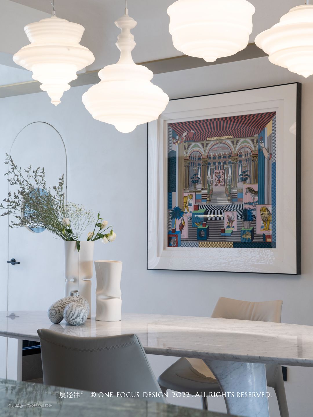 餐厅墙面上爱马仕丝巾装裱挂画,圆弧形定制餐桌、别致的吊灯造型更是点睛之笔。
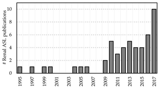 Renal ASL has recently become a more active area of research, with approximately 30 studies published in the last five years (see Figure 3). Commensurate developments have been described in the literature. For the purposes of this review, these developments can be categorized as methodological developments and emerging clinical applications.
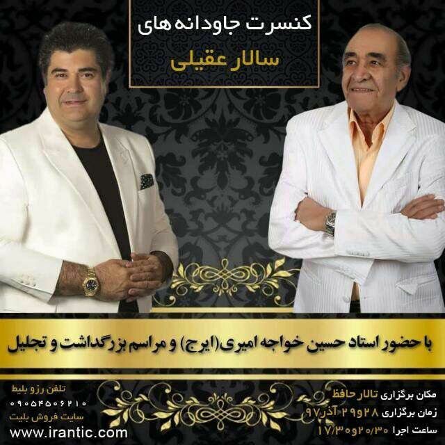 «کنسرت جاودانههای سالار عقیلی» روزهای چهارشنبه و پنجشنبه (۲۸ و ۲۹ آذرماه) ساعت ۱۷:۳۰ و ۲۰:۳۰ در تالار حافظ شهر شیراز به روی صحنه میرود.
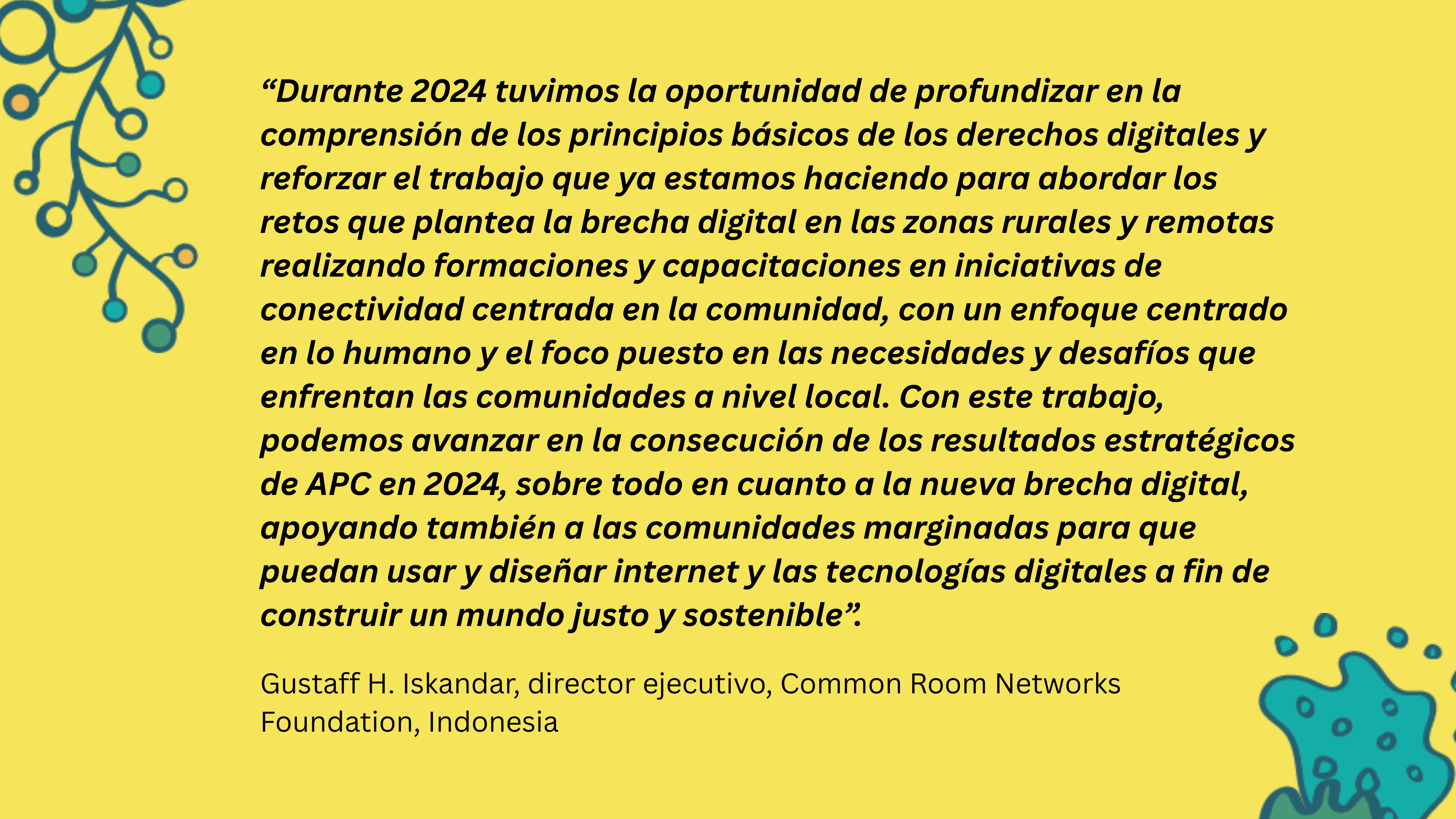 Recientemente publicamos nuestro último informe anual, en el que destacamos el impacto que ha tenido el trabajo de la comunidad de APC a lo largo de 2024, que fue el primer año de implementación del nuevo plan estratégico que guiará nuestro quehacer hasta 2027.

## What needs to be done
Copy nothing but the lines from the top of the data down to the line containing "روی صحنه میرود.", and leave the pictures out.

## Exercise response
 餐厅墙面上爱马仕丝巾装裱挂画,圆弧形定制餐桌、别致的吊灯造型更是点睛之笔。
 Renal ASL has recently become a more active area of research, with approximately 30 studies published in the last five years (see Figure 3). Commensurate developments have been described in the literature. For the purposes of this review, these developments can be categorized as methodological developments and emerging clinical applications.
 «کنسرت جاودانههای سالار عقیلی» روزهای چهارشنبه و پنجشنبه (۲۸ و ۲۹ آذرماه) ساعت ۱۷:۳۰ و ۲۰:۳۰ در تالار حافظ شهر شیراز به روی صحنه میرود.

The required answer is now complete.